**Task**:
Exactly as written, reproduce the lines from the beginning of the data through the line containing "1960 Better Homes"; the pictures are not reproduced.
+++ Information provided
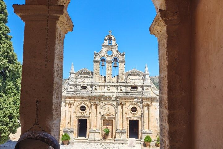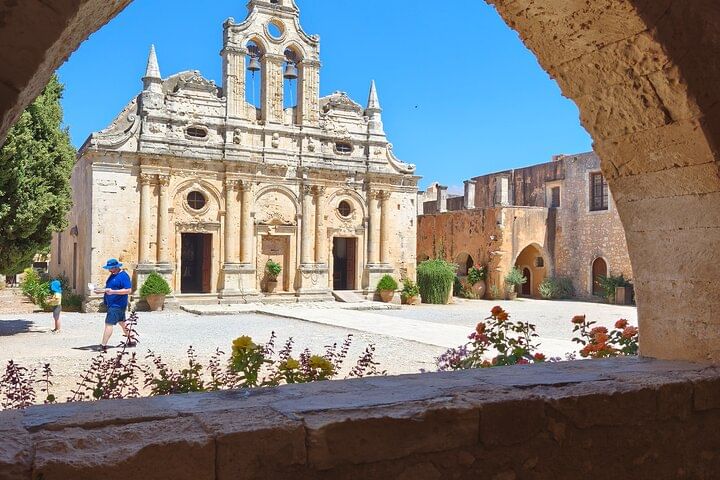 Discover Crete on a private full-day tour from Chania. Visit the historic Arkadi Monastery, hear the story of ancient Eleutherna, explore the pottery village of Margarites, descend into the Melidoni Cave, and wander through the old town of Rethymno.
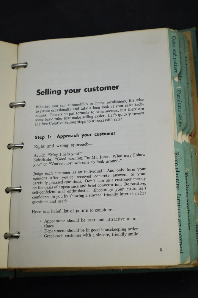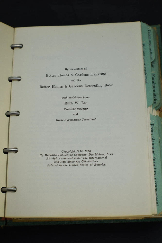 1960 Better Homes & Garden Home Furnishings Sales Program and Decorating Book In five ring binder See photos for condition details. Some marks/smudges on binder, shelf wear Due to high loss in shipping to certain countries, insurance is required for shipping to a location that does not provide tracking PLEASE READ THE RETURN POLICY BELOW: RETURNS are seldom made, I have been on for many years and Buyers satisfaction is important to me. This is why I provide good description, detailed photos and request questions from you to help you make the right choice to eliminate returns. Please read the description and view detailed photos. Please ask questions if you have particular needs or need clarification. Communication is important, this helps eliminate returns and any confusion or buyers with particular needs, so please do not assume I know what you are looking for unless you tell me. NOTE: If purchasing multiple items, please do so by using the Ebay Shopping Cart, then select "Request Total for Seller" for the corrected shipping on a new invoice. Do not pay for the items before receiving this corrected invoice.
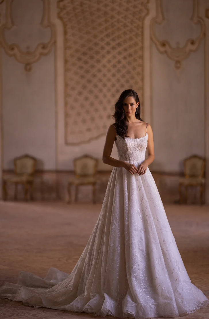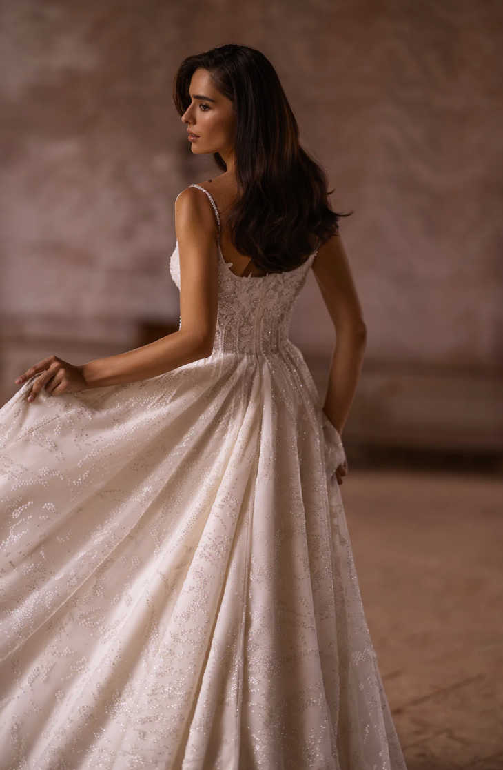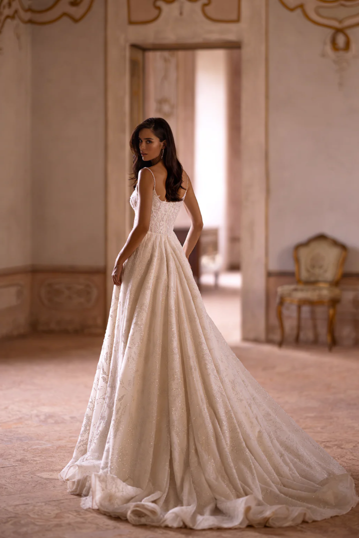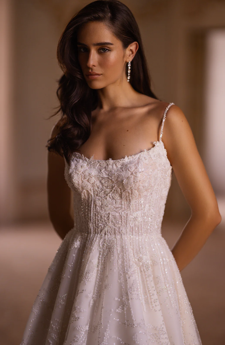 Delicate beaded straps lead to a softly contoured neckline, highlighting the décolletage with a hint of subtle allure. The gown’s luxurious layers of textured tulle and luminous sequin detailing catch the light with every movement, creating a dreamy, radiant glow from ceremony to celebration. The skirt gently cascades into a romantic train, offering a regal finish that’s unforgettable from every angle.
++++++
**Written answer**:
 Discover Crete on a private full-day tour from Chania. Visit the historic Arkadi Monastery, hear the story of ancient Eleutherna, explore the pottery village of Margarites, descend into the Melidoni Cave, and wander through the old town of Rethymno.
 1960 Better Homes & Garden Home Furnishings Sales Program and Decorating Book In five ring binder See photos for condition details. Some marks/smudges on binder, shelf wear Due to high loss in shipping to certain countries, insurance is required for shipping to a location that does not provide tracking PLEASE READ THE RETURN POLICY BELOW: RETURNS are seldom made, I have been on for many years and Buyers satisfaction is important to me. This is why I provide good description, detailed photos and request questions from you to help you make the right choice to eliminate returns. Please read the description and view detailed photos. Please ask questions if you have particular needs or need clarification. Communication is important, this helps eliminate returns and any confusion or buyers with particular needs, so please do not assume I know what you are looking for unless you tell me. NOTE: If purchasing multiple items, please do so by using the Ebay Shopping Cart, then select "Request Total for Seller" for the corrected shipping on a new invoice. Do not pay for the items before receiving this corrected invoice.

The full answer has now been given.